■ Prompt
Under this task are some entries; return every one of them exactly.

■ Input
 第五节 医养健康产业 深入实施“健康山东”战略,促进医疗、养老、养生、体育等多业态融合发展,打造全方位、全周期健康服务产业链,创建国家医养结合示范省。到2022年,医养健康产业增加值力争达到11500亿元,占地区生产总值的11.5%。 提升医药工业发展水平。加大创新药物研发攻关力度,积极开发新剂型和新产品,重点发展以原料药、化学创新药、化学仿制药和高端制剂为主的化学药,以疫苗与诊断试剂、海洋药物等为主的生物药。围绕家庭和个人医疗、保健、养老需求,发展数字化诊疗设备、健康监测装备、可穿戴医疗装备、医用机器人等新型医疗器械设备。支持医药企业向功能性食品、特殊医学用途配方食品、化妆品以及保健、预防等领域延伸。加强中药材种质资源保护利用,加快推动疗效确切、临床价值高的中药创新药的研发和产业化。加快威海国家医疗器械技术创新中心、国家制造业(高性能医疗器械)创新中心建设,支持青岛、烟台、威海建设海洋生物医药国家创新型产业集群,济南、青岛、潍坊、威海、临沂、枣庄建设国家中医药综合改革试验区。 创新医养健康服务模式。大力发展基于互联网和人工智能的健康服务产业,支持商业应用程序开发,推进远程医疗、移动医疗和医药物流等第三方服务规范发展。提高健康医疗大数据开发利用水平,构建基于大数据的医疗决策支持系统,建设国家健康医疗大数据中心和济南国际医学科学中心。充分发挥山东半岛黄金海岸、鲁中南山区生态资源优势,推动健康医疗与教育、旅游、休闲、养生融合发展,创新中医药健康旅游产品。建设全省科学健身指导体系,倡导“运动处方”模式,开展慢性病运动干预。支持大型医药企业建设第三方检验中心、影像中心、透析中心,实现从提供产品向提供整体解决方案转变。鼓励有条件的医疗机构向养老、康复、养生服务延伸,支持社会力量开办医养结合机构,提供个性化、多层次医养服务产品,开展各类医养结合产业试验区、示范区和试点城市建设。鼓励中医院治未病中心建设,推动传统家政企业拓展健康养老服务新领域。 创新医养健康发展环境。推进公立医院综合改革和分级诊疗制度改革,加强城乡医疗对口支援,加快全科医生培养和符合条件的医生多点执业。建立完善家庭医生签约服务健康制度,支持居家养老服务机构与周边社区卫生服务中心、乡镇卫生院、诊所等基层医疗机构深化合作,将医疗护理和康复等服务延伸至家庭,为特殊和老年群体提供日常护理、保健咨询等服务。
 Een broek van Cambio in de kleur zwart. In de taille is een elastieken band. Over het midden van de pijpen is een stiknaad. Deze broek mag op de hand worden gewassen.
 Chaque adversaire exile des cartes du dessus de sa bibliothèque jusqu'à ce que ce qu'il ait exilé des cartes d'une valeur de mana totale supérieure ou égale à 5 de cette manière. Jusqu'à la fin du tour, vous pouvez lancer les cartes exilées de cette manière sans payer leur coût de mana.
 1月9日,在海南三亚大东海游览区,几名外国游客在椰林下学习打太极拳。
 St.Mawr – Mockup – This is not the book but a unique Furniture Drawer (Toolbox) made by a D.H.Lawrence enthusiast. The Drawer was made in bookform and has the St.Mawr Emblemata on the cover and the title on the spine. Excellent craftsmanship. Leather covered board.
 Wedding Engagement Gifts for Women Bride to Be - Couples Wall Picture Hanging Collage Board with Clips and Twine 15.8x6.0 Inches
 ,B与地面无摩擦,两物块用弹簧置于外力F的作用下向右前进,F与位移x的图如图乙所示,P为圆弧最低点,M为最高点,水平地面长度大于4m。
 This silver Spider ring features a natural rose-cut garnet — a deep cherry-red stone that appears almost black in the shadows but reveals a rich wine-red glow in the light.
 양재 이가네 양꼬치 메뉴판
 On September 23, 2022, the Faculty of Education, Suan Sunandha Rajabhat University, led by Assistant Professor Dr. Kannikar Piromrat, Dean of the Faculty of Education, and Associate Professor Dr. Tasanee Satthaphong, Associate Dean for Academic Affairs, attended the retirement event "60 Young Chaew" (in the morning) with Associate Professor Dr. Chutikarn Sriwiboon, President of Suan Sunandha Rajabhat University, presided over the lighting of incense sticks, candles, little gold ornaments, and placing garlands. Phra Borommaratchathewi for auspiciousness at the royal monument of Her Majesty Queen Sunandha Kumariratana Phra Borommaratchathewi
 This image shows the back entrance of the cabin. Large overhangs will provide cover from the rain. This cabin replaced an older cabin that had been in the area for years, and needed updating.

■ Exercise output
 第五节 医养健康产业 深入实施“健康山东”战略,促进医疗、养老、养生、体育等多业态融合发展,打造全方位、全周期健康服务产业链,创建国家医养结合示范省。到2022年,医养健康产业增加值力争达到11500亿元,占地区生产总值的11.5%。 提升医药工业发展水平。加大创新药物研发攻关力度,积极开发新剂型和新产品,重点发展以原料药、化学创新药、化学仿制药和高端制剂为主的化学药,以疫苗与诊断试剂、海洋药物等为主的生物药。围绕家庭和个人医疗、保健、养老需求,发展数字化诊疗设备、健康监测装备、可穿戴医疗装备、医用机器人等新型医疗器械设备。支持医药企业向功能性食品、特殊医学用途配方食品、化妆品以及保健、预防等领域延伸。加强中药材种质资源保护利用,加快推动疗效确切、临床价值高的中药创新药的研发和产业化。加快威海国家医疗器械技术创新中心、国家制造业(高性能医疗器械)创新中心建设,支持青岛、烟台、威海建设海洋生物医药国家创新型产业集群,济南、青岛、潍坊、威海、临沂、枣庄建设国家中医药综合改革试验区。 创新医养健康服务模式。大力发展基于互联网和人工智能的健康服务产业,支持商业应用程序开发,推进远程医疗、移动医疗和医药物流等第三方服务规范发展。提高健康医疗大数据开发利用水平,构建基于大数据的医疗决策支持系统,建设国家健康医疗大数据中心和济南国际医学科学中心。充分发挥山东半岛黄金海岸、鲁中南山区生态资源优势,推动健康医疗与教育、旅游、休闲、养生融合发展,创新中医药健康旅游产品。建设全省科学健身指导体系,倡导“运动处方”模式,开展慢性病运动干预。支持大型医药企业建设第三方检验中心、影像中心、透析中心,实现从提供产品向提供整体解决方案转变。鼓励有条件的医疗机构向养老、康复、养生服务延伸,支持社会力量开办医养结合机构,提供个性化、多层次医养服务产品,开展各类医养结合产业试验区、示范区和试点城市建设。鼓励中医院治未病中心建设,推动传统家政企业拓展健康养老服务新领域。 创新医养健康发展环境。推进公立医院综合改革和分级诊疗制度改革,加强城乡医疗对口支援,加快全科医生培养和符合条件的医生多点执业。建立完善家庭医生签约服务健康制度,支持居家养老服务机构与周边社区卫生服务中心、乡镇卫生院、诊所等基层医疗机构深化合作,将医疗护理和康复等服务延伸至家庭,为特殊和老年群体提供日常护理、保健咨询等服务。
 Een broek van Cambio in de kleur zwart. In de taille is een elastieken band. Over het midden van de pijpen is een stiknaad. Deze broek mag op de hand worden gewassen.
 Chaque adversaire exile des cartes du dessus de sa bibliothèque jusqu'à ce que ce qu'il ait exilé des cartes d'une valeur de mana totale supérieure ou égale à 5 de cette manière. Jusqu'à la fin du tour, vous pouvez lancer les cartes exilées de cette manière sans payer leur coût de mana.
 1月9日,在海南三亚大东海游览区,几名外国游客在椰林下学习打太极拳。
 St.Mawr – Mockup – This is not the book but a unique Furniture Drawer (Toolbox) made by a D.H.Lawrence enthusiast. The Drawer was made in bookform and has the St.Mawr Emblemata on the cover and the title on the spine. Excellent craftsmanship. Leather covered board.
 Wedding Engagement Gifts for Women Bride to Be - Couples Wall Picture Hanging Collage Board with Clips and Twine 15.8x6.0 Inches
 ,B与地面无摩擦,两物块用弹簧置于外力F的作用下向右前进,F与位移x的图如图乙所示,P为圆弧最低点,M为最高点,水平地面长度大于4m。
 This silver Spider ring features a natural rose-cut garnet — a deep cherry-red stone that appears almost black in the shadows but reveals a rich wine-red glow in the light.
 양재 이가네 양꼬치 메뉴판
 On September 23, 2022, the Faculty of Education, Suan Sunandha Rajabhat University, led by Assistant Professor Dr. Kannikar Piromrat, Dean of the Faculty of Education, and Associate Professor Dr. Tasanee Satthaphong, Associate Dean for Academic Affairs, attended the retirement event "60 Young Chaew" (in the morning) with Associate Professor Dr. Chutikarn Sriwiboon, President of Suan Sunandha Rajabhat University, presided over the lighting of incense sticks, candles, little gold ornaments, and placing garlands. Phra Borommaratchathewi for auspiciousness at the royal monument of Her Majesty Queen Sunandha Kumariratana Phra Borommaratchathewi
 This image shows the back entrance of the cabin. Large overhangs will provide cover from the rain. This cabin replaced an older cabin that had been in the area for years, and needed updating.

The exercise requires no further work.